• _Dataset excerpt_
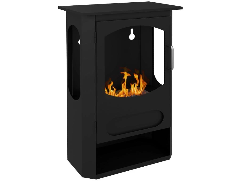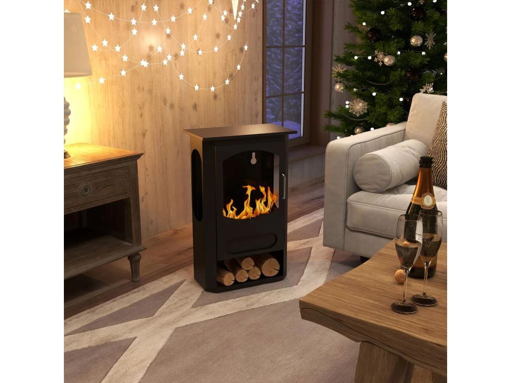 – Cheminée bioéthanol style contemporain noir uni avec avec range-bûches intégré, idéale à installer dans la pièce de votre choix : salon, etc.
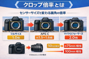 クロップ倍率とは、フルサイズセンサーを基準にして、どれくらい画角が狭くなるかを示したものです。
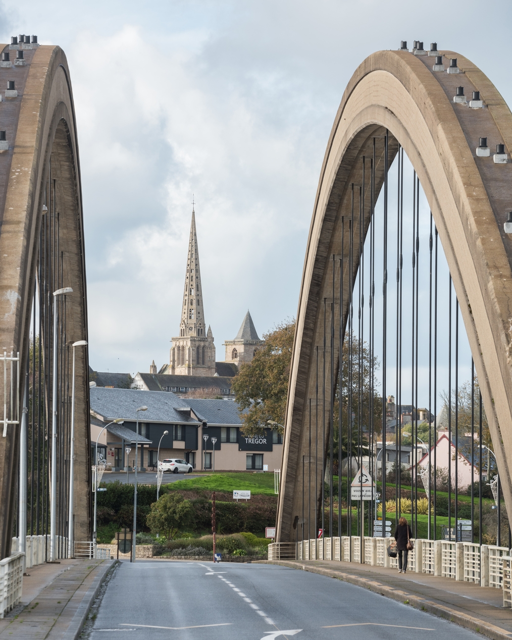 Tréguier : vue de la cathédrale Saint-Tugdual depuis le pont CanadaImmatriculation
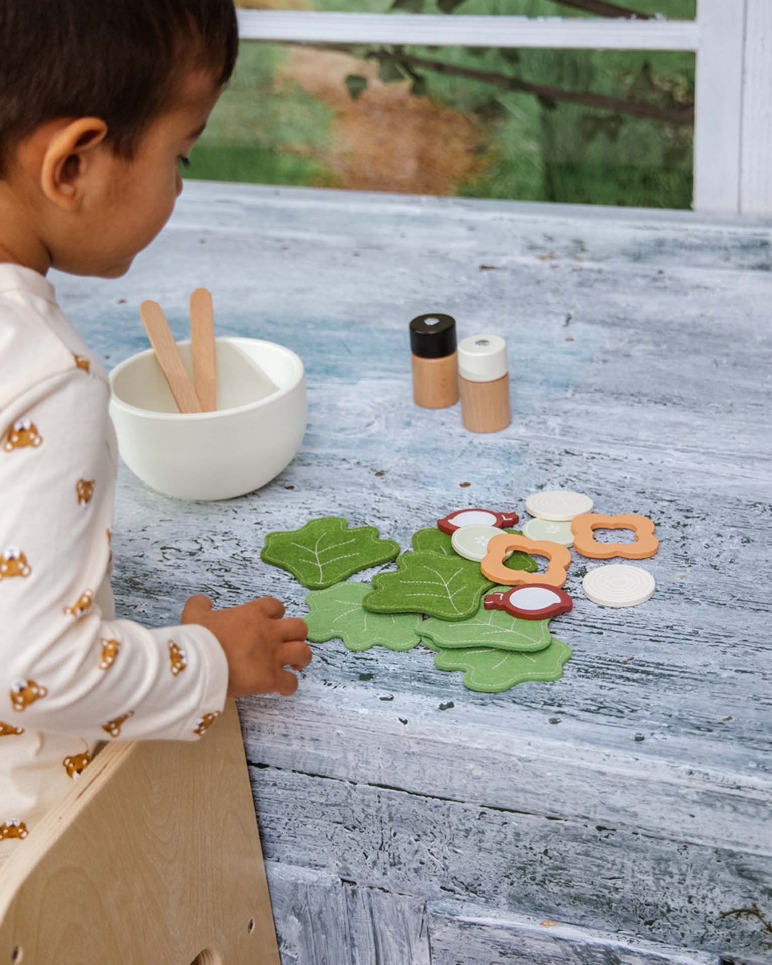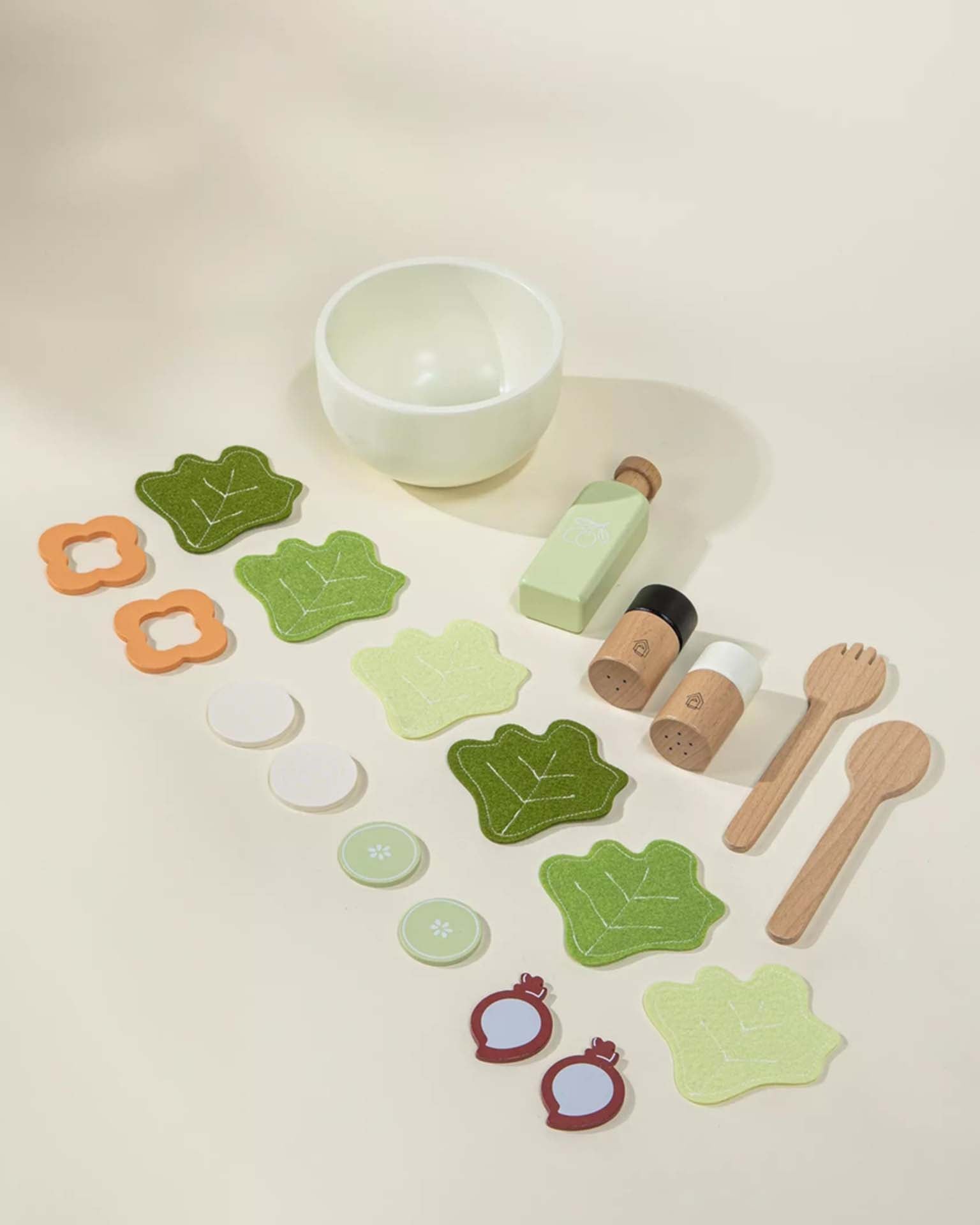 Introduce healthy eating habits to your child's playtime with our Wooden Salad Playset! This delightful kit includes everything needed to create a delicious pretend salad, featuring a variety of felt and wooden vegetables, a salad bowl, utensils, and olive oil and salt and pepper shakers that really click! Each piece is carefully crafted to inspire creativity and imaginative play, encouraging children to role-play as chefs and learn about different vegetables. The Wooden Salad Playset is perfect on it's own, or combined with other pretend play modules, like our Wooden Pasta Playset or our Wooden Pizza Oven Playset. Let your child enjoy the art of making and serving salads, enhancing their social and cognitive skills while having fun.

• _Task details_
Once more, please print all the lines above exactly, without their pictures.

• _Written answer_
 – Cheminée bioéthanol style contemporain noir uni avec avec range-bûches intégré, idéale à installer dans la pièce de votre choix : salon, etc.
 クロップ倍率とは、フルサイズセンサーを基準にして、どれくらい画角が狭くなるかを示したものです。
 Tréguier : vue de la cathédrale Saint-Tugdual depuis le pont CanadaImmatriculation
 Introduce healthy eating habits to your child's playtime with our Wooden Salad Playset! This delightful kit includes everything needed to create a delicious pretend salad, featuring a variety of felt and wooden vegetables, a salad bowl, utensils, and olive oil and salt and pepper shakers that really click! Each piece is carefully crafted to inspire creativity and imaginative play, encouraging children to role-play as chefs and learn about different vegetables. The Wooden Salad Playset is perfect on it's own, or combined with other pretend play modules, like our Wooden Pasta Playset or our Wooden Pizza Oven Playset. Let your child enjoy the art of making and serving salads, enhancing their social and cognitive skills while having fun.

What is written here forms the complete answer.